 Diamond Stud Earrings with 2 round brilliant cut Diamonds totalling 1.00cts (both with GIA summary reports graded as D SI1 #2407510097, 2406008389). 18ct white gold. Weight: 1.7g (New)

════

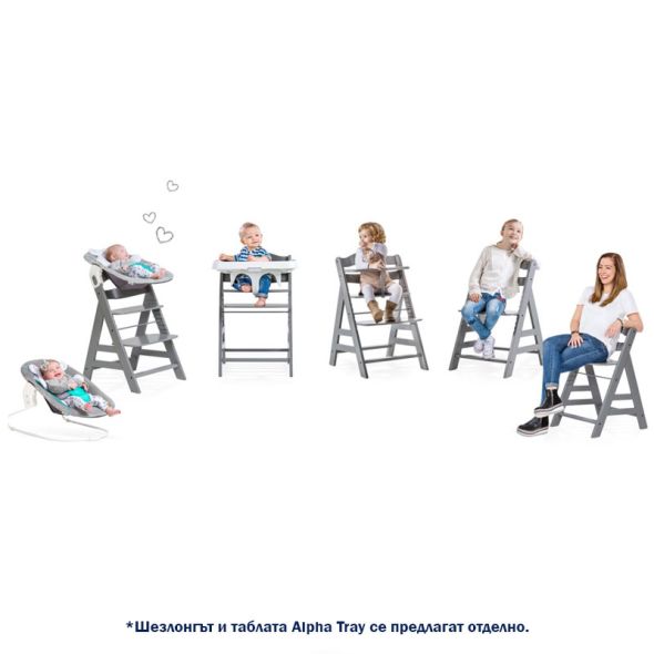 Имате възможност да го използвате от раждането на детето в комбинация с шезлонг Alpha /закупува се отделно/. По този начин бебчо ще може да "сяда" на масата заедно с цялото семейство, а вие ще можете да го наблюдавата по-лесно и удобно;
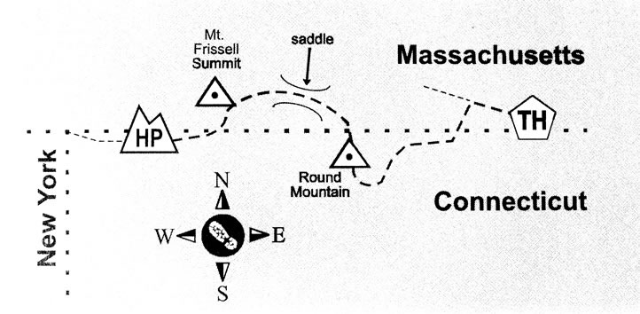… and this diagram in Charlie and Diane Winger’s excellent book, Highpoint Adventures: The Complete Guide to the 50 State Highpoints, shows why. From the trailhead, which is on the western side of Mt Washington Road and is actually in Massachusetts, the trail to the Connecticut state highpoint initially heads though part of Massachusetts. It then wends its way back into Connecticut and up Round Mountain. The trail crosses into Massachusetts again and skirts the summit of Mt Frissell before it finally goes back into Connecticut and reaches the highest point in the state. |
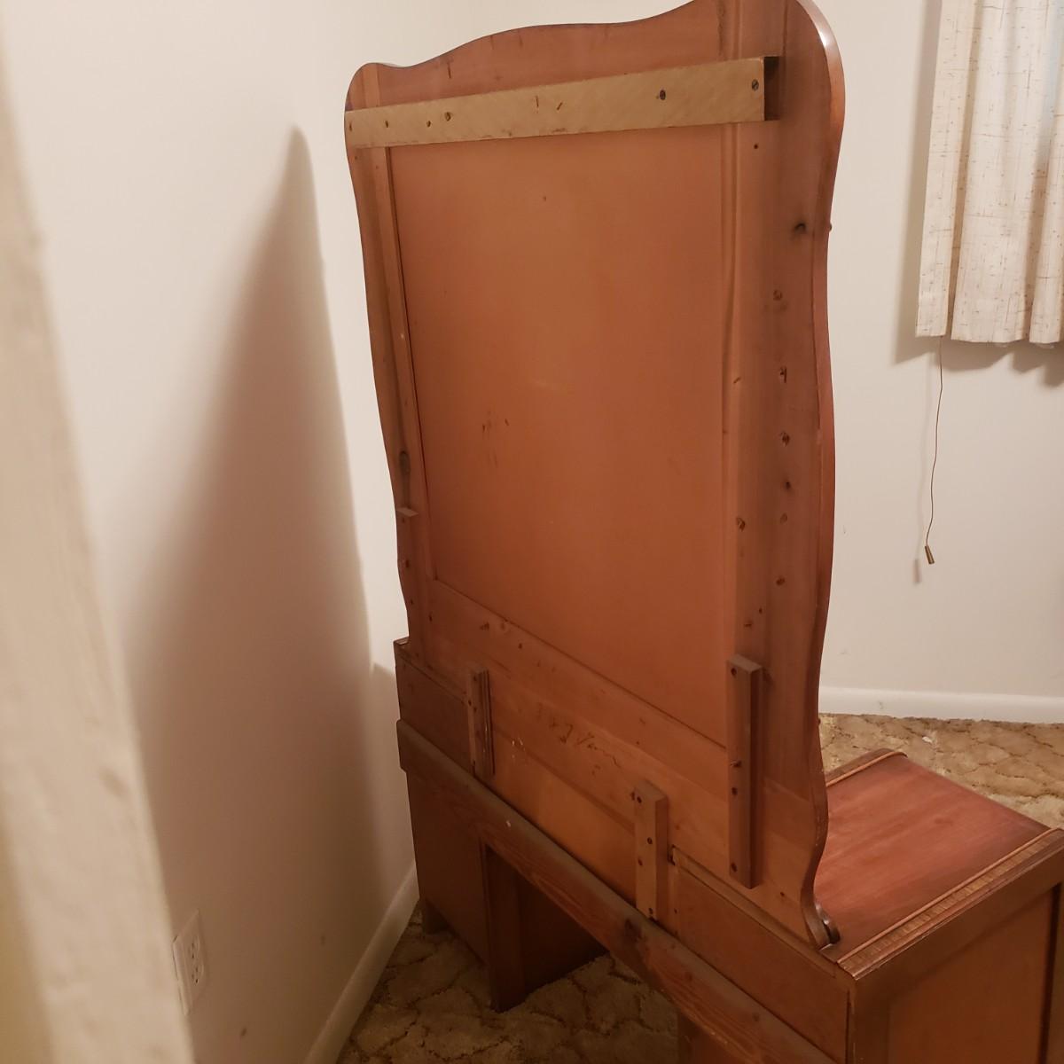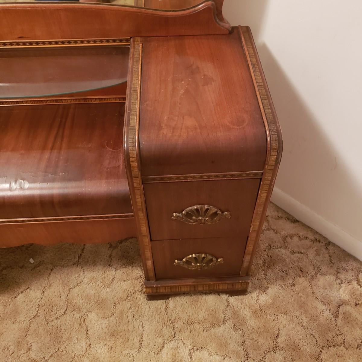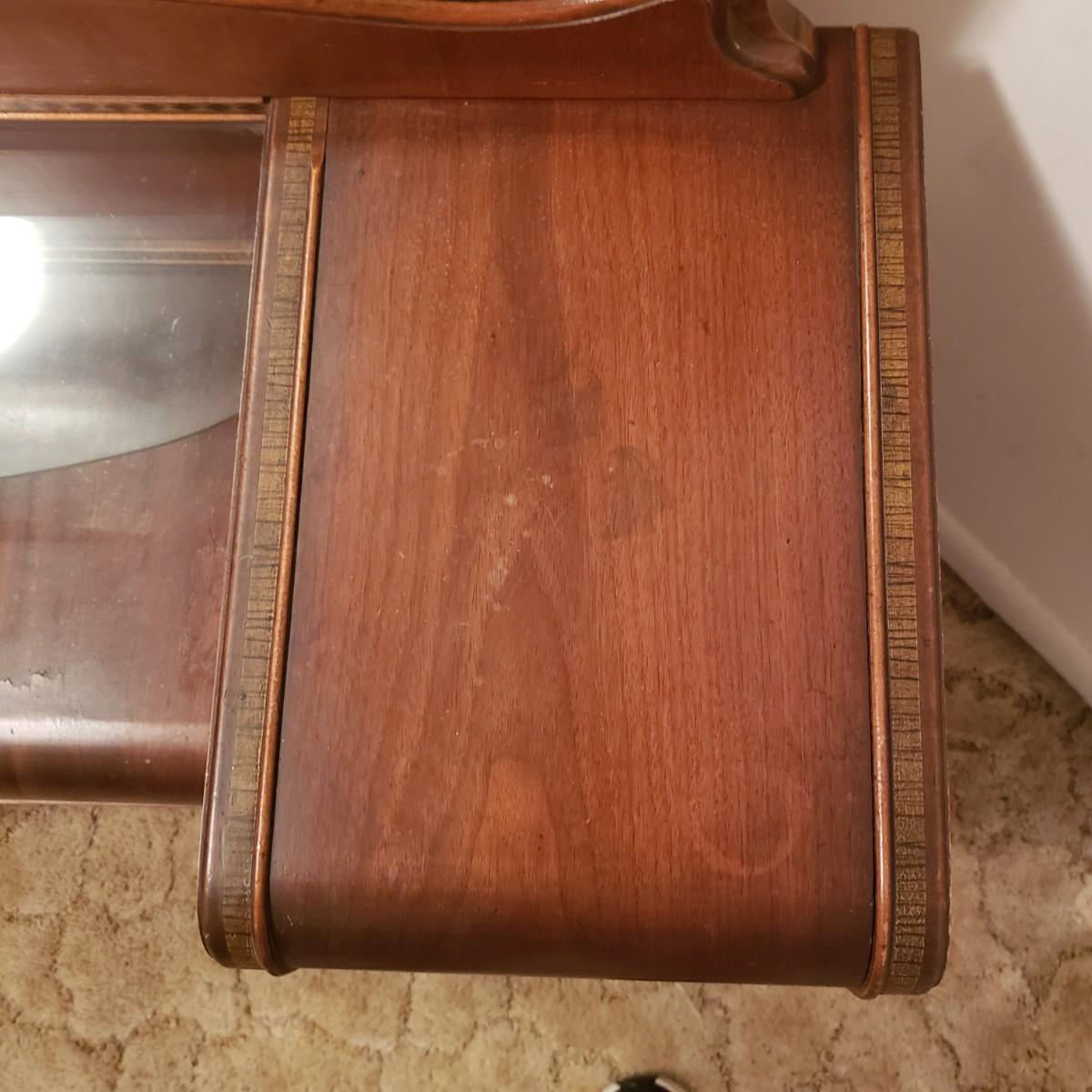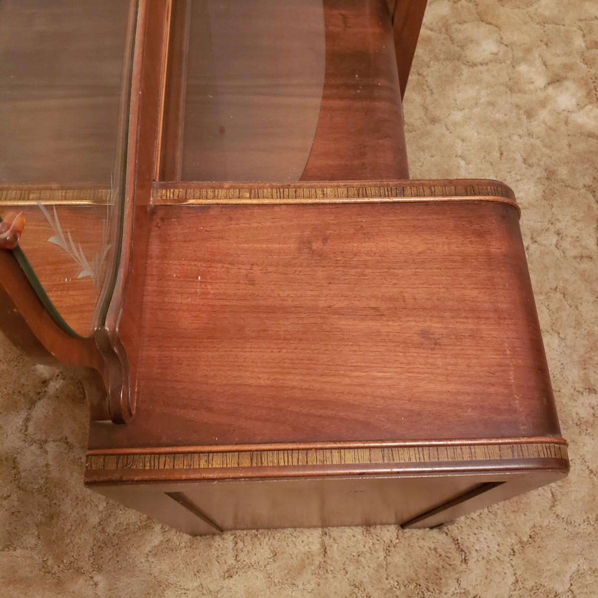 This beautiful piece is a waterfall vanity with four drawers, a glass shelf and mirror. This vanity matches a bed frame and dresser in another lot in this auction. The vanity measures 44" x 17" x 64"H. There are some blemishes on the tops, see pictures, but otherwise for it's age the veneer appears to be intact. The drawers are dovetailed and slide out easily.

════

▶ _Work request_: The answer is those lines of the material above that run from the one containing "the state. |" up to and including the one containing "This beautiful piece", restated exactly and without images.

▶ _Answer below_:
… and this diagram in Charlie and Diane Winger’s excellent book, Highpoint Adventures: The Complete Guide to the 50 State Highpoints, shows why. From the trailhead, which is on the western side of Mt Washington Road and is actually in Massachusetts, the trail to the Connecticut state highpoint initially heads though part of Massachusetts. It then wends its way back into Connecticut and up Round Mountain. The trail crosses into Massachusetts again and skirts the summit of Mt Frissell before it finally goes back into Connecticut and reaches the highest point in the state. |
 This beautiful piece is a waterfall vanity with four drawers, a glass shelf and mirror. This vanity matches a bed frame and dresser in another lot in this auction. The vanity measures 44" x 17" x 64"H. There are some blemishes on the tops, see pictures, but otherwise for it's age the veneer appears to be intact. The drawers are dovetailed and slide out easily.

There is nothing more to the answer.